Dans le processus de signature des accords de paix, deux
aspects retiennent particulièrement l'attention des chefs
rebelles : la question du partage du pouvoir, nous l'avons analysée
ci-dessus, et la question de l'amnistie.
En effet, afin de montrer sa volonté de régler
le différend et permettre une nouvelle vie commune dans la
société, le gouvernement, dans les accords de paix, accorde une
amnistie aux anciens rebelles.
Dans le Vocabulaire Juridique80(*), l'amnistie est
« une mesure qui ôte rétroactivement à
certains faits commis à une période déterminée leur
caractère délictueux ». L'amnistie n'efface pas
les faits mais leur fait perdre leur caractère délictueux ;
ils ne sont plus punissables, ne constituent plus une première
infraction pour les récidives. L'amnistie est, selon Stéphane
Gacon, « un processus juridique surprenant par l'effet radical
qu'il impose : on oublie tout, rien ne s'est
passé »81(*). Et dans cette logique, elle doit être
l'émanation du peuple, ce qui justifie son origine législative.

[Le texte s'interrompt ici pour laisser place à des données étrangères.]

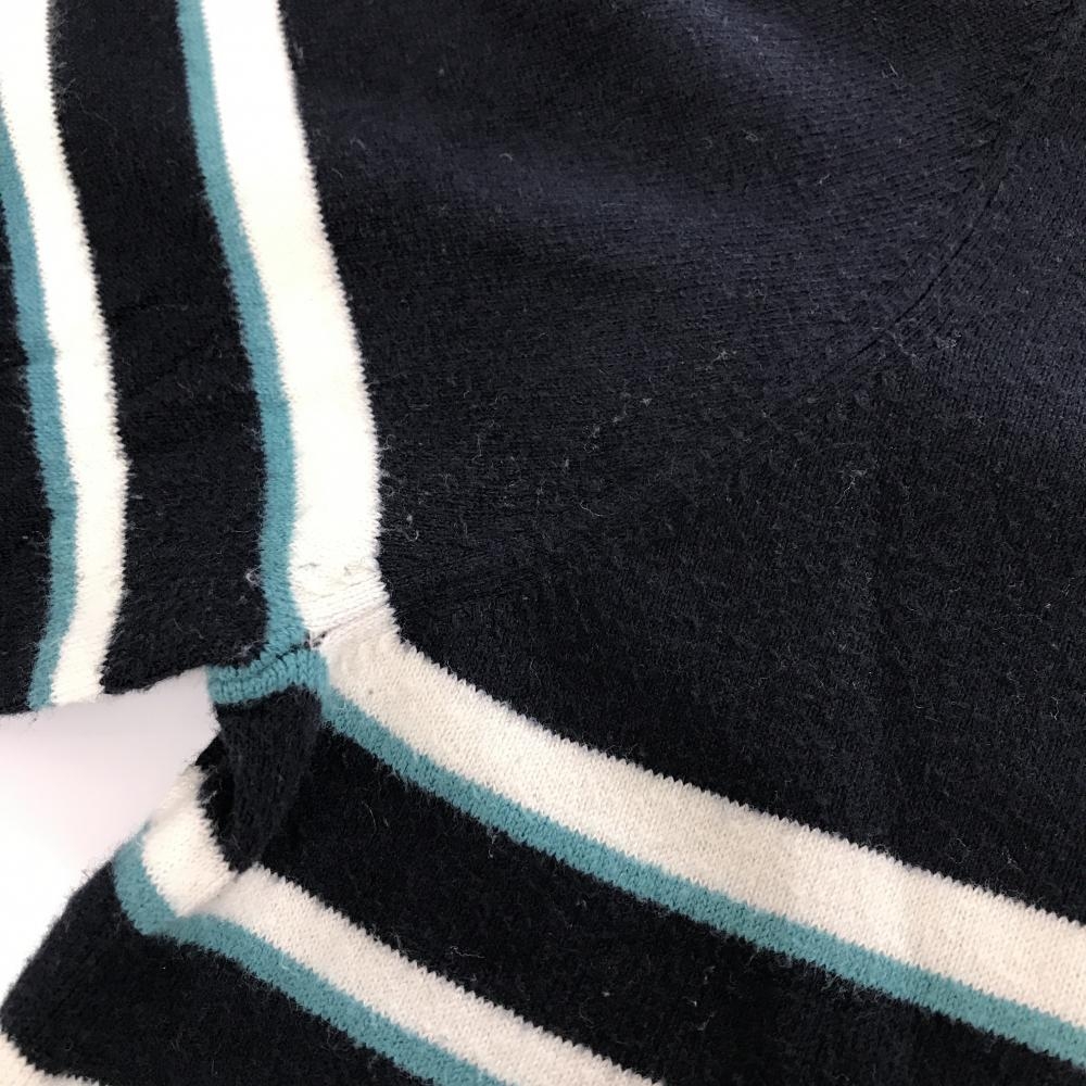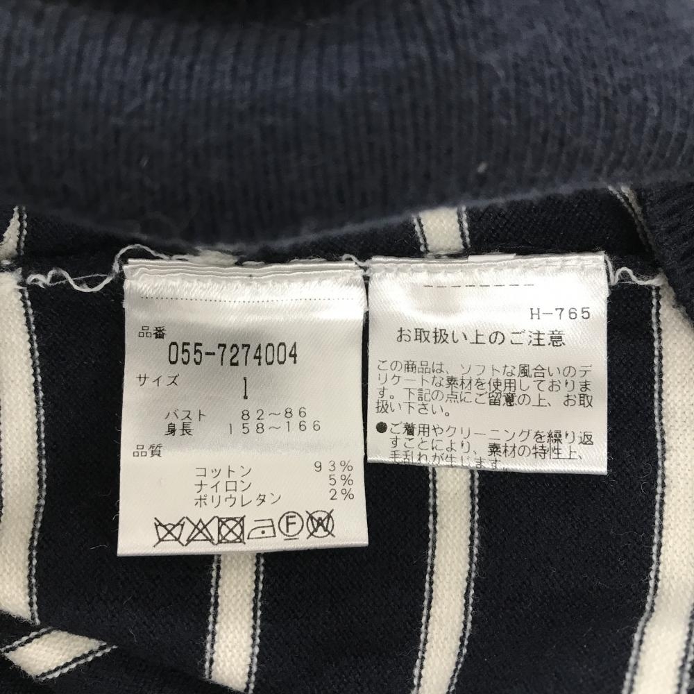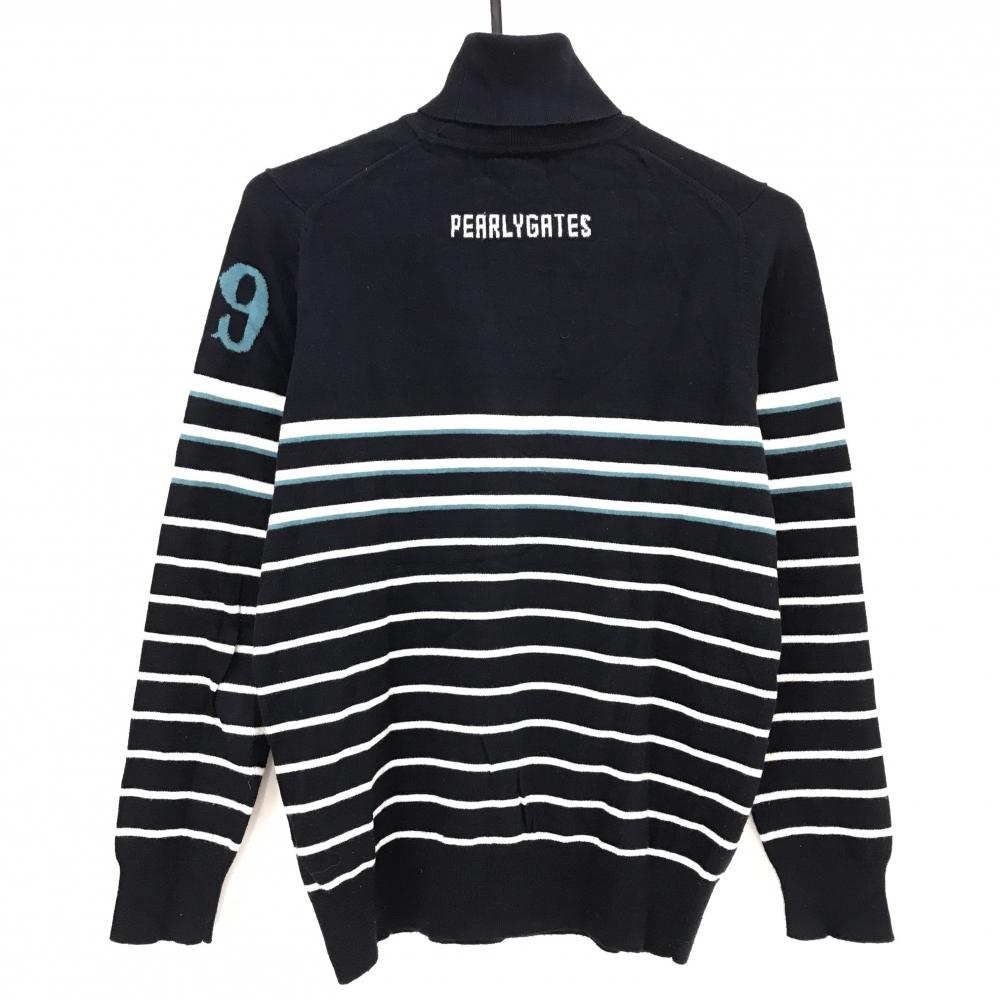 パーリーゲイツ タートルネックセーター ネイビー×白 ボーダー 胸ロゴ ニット レディース 1(M) ゴルフウェア PEARLY GATES

C'est la loi d'amnistie qui est votée par le parlement. Elle est un acte
du parlement qui a pour but d'exonérer de toutes responsabilités
les rebelles pour les actes commis dans la rébellion afin
d'éviter d'éventuelles poursuites. Notion de droit public
pénal, l'amnistie se distingue de la grâce présidentielle
qui permet au président de la République, dans certaines
conditions, d'accorder la remise ou la modération des peines
définitives.
Selon les termes de Stéphane Gacon82(*), « l'amnistie a
une utilité première et immédiate, celle de la
pacification définitive, de la volonté affirmée d'un
retour à la normale ». Il est admis que les effets de
l'amnistie participent à la réconciliation du corps social, et
constituent un artifice pour pouvoir vivre ensemble après la
lutte ; mais les effets de l'amnistie font apparaître une autre
question, celle de l'impunité.
En effet, il faut admettre que de graves soupçons de
détournement de deniers publics et de violations massives des droits
humains pèsent sur certains chefs rebelles. Et le retour à la
vie normale expose beaucoup de leaders politico-militaires aux poursuites si
aux termes de leur rébellion ils n'ont pas
bénéficié d'une loi d'amnistie. C'est pourquoi dans les
accords de paix qu'ils signent, la question de l'amnistie apparaît aussi
cruciale que celle du partage des postes.
Par l'effet de l'amnistie, ils ne seront ni jugés, ni
condamnés. Et partant des exemples antérieurs de
« va et vient » des rebelles, on constate que
l'amnistie apparaît pour les rebelles comme un moyen de se mettre
à l'abri des poursuites.
Au lieu d'être un acte de pacification, l'amnistie au
Tchad bascule plutôt vers l'impunité, car les accords de paix
durent seulement le temps que les uns et les autres affinent leurs nouvelles
stratégies. Pour les victimes des exactions commises par les rebelles,
l'amnistie apparaît comme un déni de justice, car leurs causes ne
seront jamais élucidées. L'impunité tend donc à
devenir une règle car on peut tuer, voler et se rebeller pour voir ses
fautes absoutes.
Dans cette logique, l'acte de réconciliation ne peut
pas apporter le sentiment de retour à la normale mais participe à
installer la méfiance au sein de la communauté où,
parfois, la justice privée est vivante.